Well, you could fix it easily TODAY or you could wait. Has anyone submitted this as a bug?
how do you expect it to be fixed? completely ignore :visited styling? make it unaccessible by JS?
if you have any idea how one can not be blind and not see own nose - tell me, i am all ear.
I propose to make an option to highlight visited links in such a way that is no part of CSS or DOM so that web developers do not have access to it. At the same time, the usual :visited could stay too. So anyone would be able to choose what highlighting they want or both at the same time. I don't see a reason why this can't be implemented.
Well, you could fix it easily TODAY or you could wait. Has anyone submitted this as a bug?
I think this bug must have been submitted countless times. It's 10 years old already.
Originally posted by Kropotkin2:
I propose to make an option to highlight visited links in such a way that is no part of CSS or DOM so that web developers do not have access to it. At the same time, the usual :visited could stay too. So anyone would be able to choose what highlighting they want or both at the same time. I don't see a reason why this can't be implemented.

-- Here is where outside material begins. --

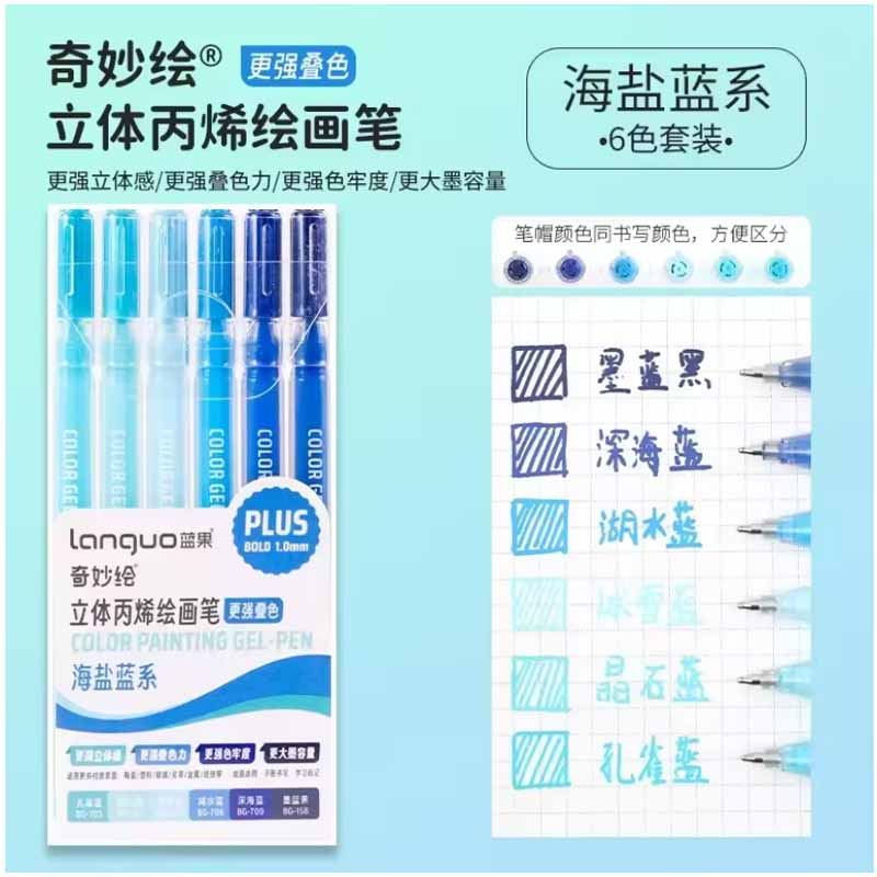 Languo Colour Gel Pen Plus Set of 6 Blue (P600-33)

so basically forbid access to this property for JS? does not seem unreasonable at first at least
should be optional (on by default) though - forbidding it in general could probably create some accessibility problems for onscreenreaders etc.
so basically forbid access to this property for JS? does not seem unreasonable at first at least
No. Not just JS, one must make a new object which is outside of CSS or DOM. Because this bug works even with JS off. See this for example:
http://ha.ckers.org/weird/CSS-history.cgi
Originally posted by Kropotkin2:
No. Not just JS, one must make a new object which is outside of CSS or DOM. Because this bug works even with JS off.

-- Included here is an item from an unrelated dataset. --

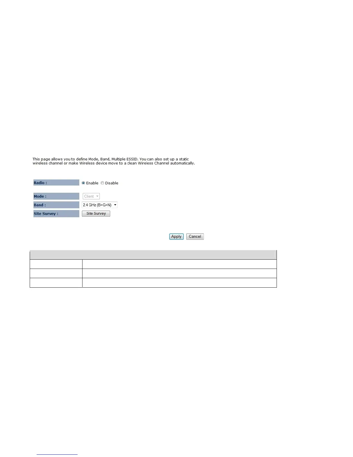 The Basic option of the Wireless menu displays the basic wireless options of the ECB300.

No need to do such thing. Just blocking/not allowing CSS styling which use external files (e.g. background: url('file.xxx')) should be enough, I think.
Example of a website:
<a href="google.com">Google</a>
<style type="text/css">
a:visited {
background-image:url('google.com.jpg');
}
</style>
When author of the above "site" see that you requested "google.com.jpg" file, he knows that you visited Google in the past. With not allowing such styling it wont be possible to see if you visited it (you'll never request "google.com.jpg" file).
Behaviour of JS getComputedStyle function should also be changed of course.
No need to do such thing. Just blocking/not allowing CSS styling which use external files (e.g. background: url('file.xxx')) should be enough, I think.
Yeah, but there's no guarantee that there aren't other similar hacks out there. You can either hope that there aren't and close them one by one if they resurface, or you can solve the problem once and for all. That's just my opinion, though.